Dataset entries:
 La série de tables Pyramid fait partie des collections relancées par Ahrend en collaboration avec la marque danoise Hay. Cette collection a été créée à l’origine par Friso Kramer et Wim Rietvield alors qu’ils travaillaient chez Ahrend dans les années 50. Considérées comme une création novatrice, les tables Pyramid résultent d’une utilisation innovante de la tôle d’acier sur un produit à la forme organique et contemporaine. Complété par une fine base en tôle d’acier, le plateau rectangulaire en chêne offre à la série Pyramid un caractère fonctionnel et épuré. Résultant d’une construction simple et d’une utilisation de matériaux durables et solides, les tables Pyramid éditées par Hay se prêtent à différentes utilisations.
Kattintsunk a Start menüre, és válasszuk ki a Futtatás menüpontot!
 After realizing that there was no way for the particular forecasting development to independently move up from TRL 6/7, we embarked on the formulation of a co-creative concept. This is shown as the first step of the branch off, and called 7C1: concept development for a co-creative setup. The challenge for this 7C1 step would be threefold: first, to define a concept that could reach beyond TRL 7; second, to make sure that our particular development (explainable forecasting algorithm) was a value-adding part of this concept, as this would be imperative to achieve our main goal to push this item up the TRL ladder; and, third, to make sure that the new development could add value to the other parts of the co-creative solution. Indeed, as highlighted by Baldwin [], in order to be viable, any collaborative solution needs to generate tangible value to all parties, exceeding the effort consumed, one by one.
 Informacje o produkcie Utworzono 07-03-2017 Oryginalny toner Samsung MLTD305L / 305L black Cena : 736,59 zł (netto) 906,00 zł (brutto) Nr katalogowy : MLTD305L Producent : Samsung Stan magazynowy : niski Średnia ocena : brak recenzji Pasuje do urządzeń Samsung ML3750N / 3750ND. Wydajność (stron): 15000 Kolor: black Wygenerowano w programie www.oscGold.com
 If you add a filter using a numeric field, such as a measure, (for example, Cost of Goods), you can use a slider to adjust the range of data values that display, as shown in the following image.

--

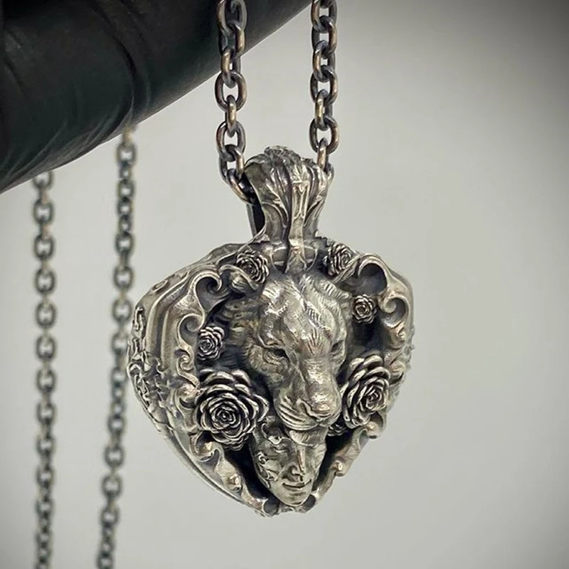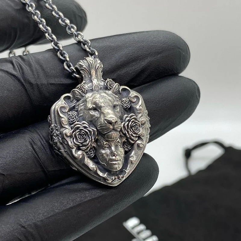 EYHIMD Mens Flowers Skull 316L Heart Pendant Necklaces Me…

* * *

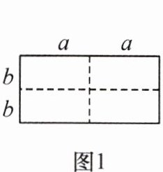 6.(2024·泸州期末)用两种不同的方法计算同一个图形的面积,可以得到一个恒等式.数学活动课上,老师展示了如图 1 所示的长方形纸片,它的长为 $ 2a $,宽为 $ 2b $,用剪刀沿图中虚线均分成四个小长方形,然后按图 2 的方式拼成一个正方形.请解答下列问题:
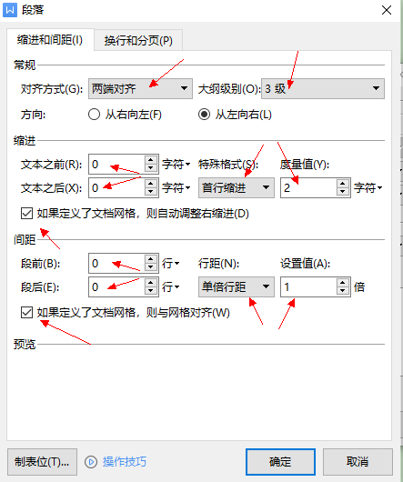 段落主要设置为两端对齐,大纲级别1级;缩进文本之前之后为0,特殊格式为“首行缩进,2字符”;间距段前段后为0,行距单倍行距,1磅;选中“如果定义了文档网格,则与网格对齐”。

What needs to be done:
Of the entries listed above, reproduce only the lines starting at the line containing "La série de" and ending at the line containing "Kattintsunk a Start". Include both, exactly as they stand.

Solution for this exercise:
 La série de tables Pyramid fait partie des collections relancées par Ahrend en collaboration avec la marque danoise Hay. Cette collection a été créée à l’origine par Friso Kramer et Wim Rietvield alors qu’ils travaillaient chez Ahrend dans les années 50. Considérées comme une création novatrice, les tables Pyramid résultent d’une utilisation innovante de la tôle d’acier sur un produit à la forme organique et contemporaine. Complété par une fine base en tôle d’acier, le plateau rectangulaire en chêne offre à la série Pyramid un caractère fonctionnel et épuré. Résultant d’une construction simple et d’une utilisation de matériaux durables et solides, les tables Pyramid éditées par Hay se prêtent à différentes utilisations.
Kattintsunk a Start menüre, és válasszuk ki a Futtatás menüpontot!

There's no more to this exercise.